[Source data Boundary: Start]
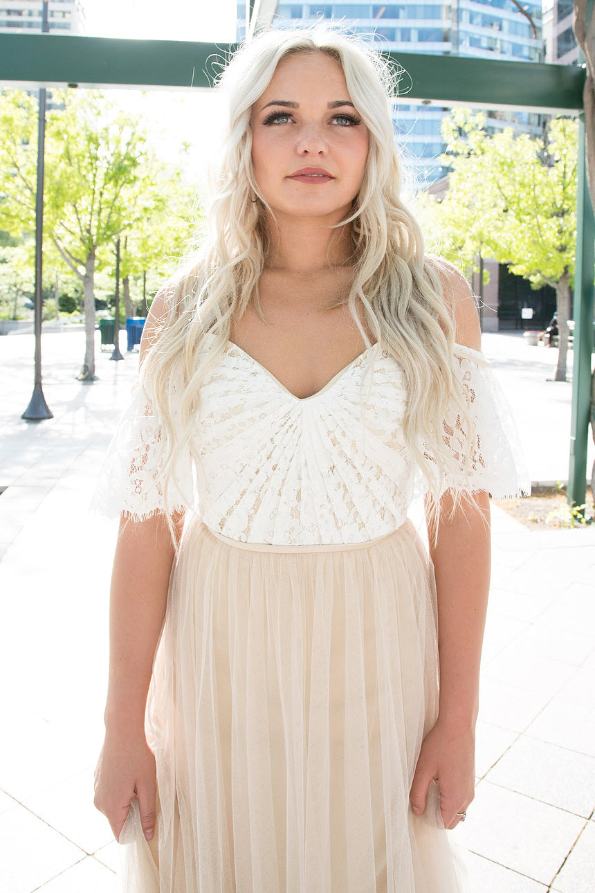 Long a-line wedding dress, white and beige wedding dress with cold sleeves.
[Source data Boundary: End]
[Source data Boundary: Start]
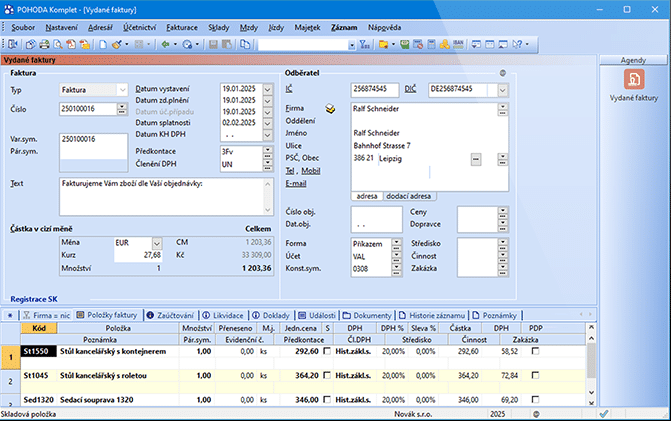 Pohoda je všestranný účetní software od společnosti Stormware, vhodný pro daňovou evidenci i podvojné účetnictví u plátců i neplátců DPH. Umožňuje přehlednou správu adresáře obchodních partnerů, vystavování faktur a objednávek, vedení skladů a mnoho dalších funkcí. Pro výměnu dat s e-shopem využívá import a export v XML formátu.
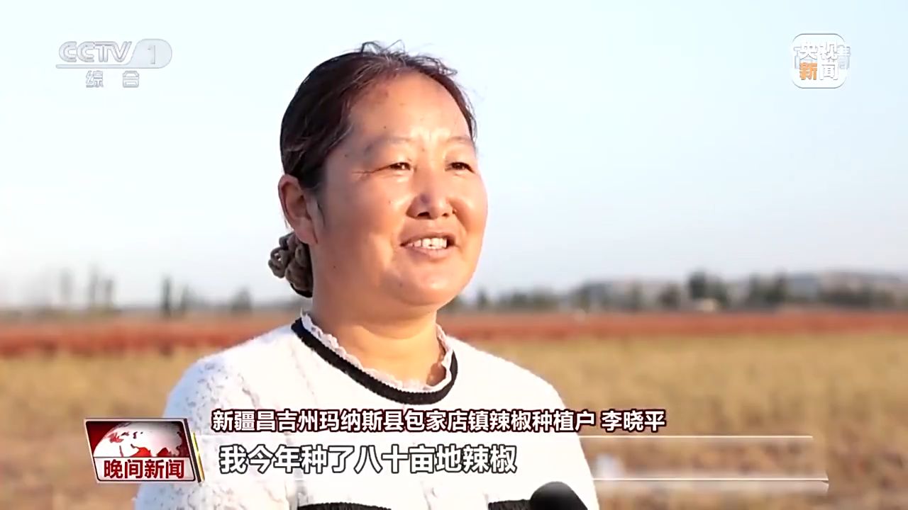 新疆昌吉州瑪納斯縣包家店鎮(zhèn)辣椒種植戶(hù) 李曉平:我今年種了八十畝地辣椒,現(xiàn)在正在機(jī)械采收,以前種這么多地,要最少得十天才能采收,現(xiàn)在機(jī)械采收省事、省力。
[Source data Boundary: End]
Try it: Of all the material above, only the lines from the one that has "Pohoda je všestranný" down to the one that has "新疆昌吉州瑪納斯縣包家店鎮(zhèn)辣" are to be written out, exactly and with both ends included. Pictures are skipped.

Written response:
 Pohoda je všestranný účetní software od společnosti Stormware, vhodný pro daňovou evidenci i podvojné účetnictví u plátců i neplátců DPH. Umožňuje přehlednou správu adresáře obchodních partnerů, vystavování faktur a objednávek, vedení skladů a mnoho dalších funkcí. Pro výměnu dat s e-shopem využívá import a export v XML formátu.
 新疆昌吉州瑪納斯縣包家店鎮(zhèn)辣椒種植戶(hù) 李曉平:我今年種了八十畝地辣椒,現(xiàn)在正在機(jī)械采收,以前種這么多地,要最少得十天才能采收,現(xiàn)在機(jī)械采收省事、省力。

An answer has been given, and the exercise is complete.